Del joven y del incidente, identificados en el escrito anónimo, se desconocen detalles oficiales que permitan entender lo que pasó. La familiaridad y el tono aplicado al gobernador y a otro funcionario, hacen sentir el reclamo de compromisos incumplidos, máxime cuando se critica a autoridades policiales nacionales no dependientes de ellos.

Una muerte siempre tendrá dolientes y ninguna sociedad puede estar contenta cuándo la resolución de sus conflictos se intenta exterminando a los supuestos responsables. El respaldo comunitario, evidente en el sepelio, tiene que tratar de entenderse para beneficio de todos. Alguien es bueno o malo según la opinión de otros, y que la polarización se esté manifestando adicionalmente en aspectos distintos a los político partidistas tiene que llamar a preocupación.

Invocar la existencia de vínculos con sectores irregulares similares en estados vecinos ratifica la dimensión del problema y al compararse en virtudes con los cuerpos policiales, estos grupos están abonando el terreno para la coexistencia de ambos mundos sobre un mismo espacio geográfico, la que parece haber sido la orientación de la política oficial hasta ahora.

Nuestras autoridades no son dadas a la discusión pública y han cedido, con una intencionalidad política malévola, espacios que habrá que recuperar para bien y disfrute de todos. ¿Cómo terminó el día y que consecuencias traerá lo ocurrido en el futuro inmediato?, ¿Hubo detenidos en el entierro?, ¿Cuántos?, ¿Se decomisaron armas a los detenidos?, ¿El robo de armamento a la Guardia de Honor, en La Victoria, es una respuesta en demostración de fuerza?, son preguntas que, entre muchas otras, tendrán que esperar por el tiempo y la realidad para aclararse.

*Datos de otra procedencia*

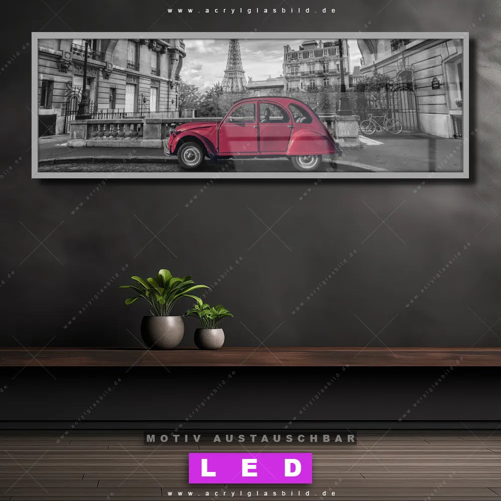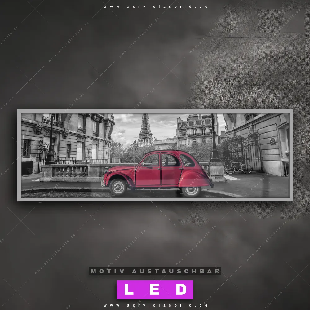 Also, worauf wartest du noch? Verwandle deine Wände mit einem LED Leuchtbild in wahre Kunstwerke und bestelle jetzt das Canvalight® DIA LED Acrylglasbild Klassiker-Auto parkt in Paris. Deine Wände werden strahlen, und deine Freunde werden dank der wechselbaren Motive staunen!

Al final volvemos a encontrarnos ante hechos que nos afectan a todos, que unidos a la falta de información sobre ellos y la opacidad de la poca que circula, aumenta la desconfianza ciudadana en el gobierno, abonando la necesidad de un pronto cambio democrático.

Sin ninguna duda, es obligatorio para nuestra dirigencia estar preparada con propuestas para enfrentar el temible problema de una delincuencia que fue aupada y a la que habrá que someter, aplicándole los correctivos necesarios, respetando derechos, pero cumpliendo la ley con todo el rigor que merezca cada caso.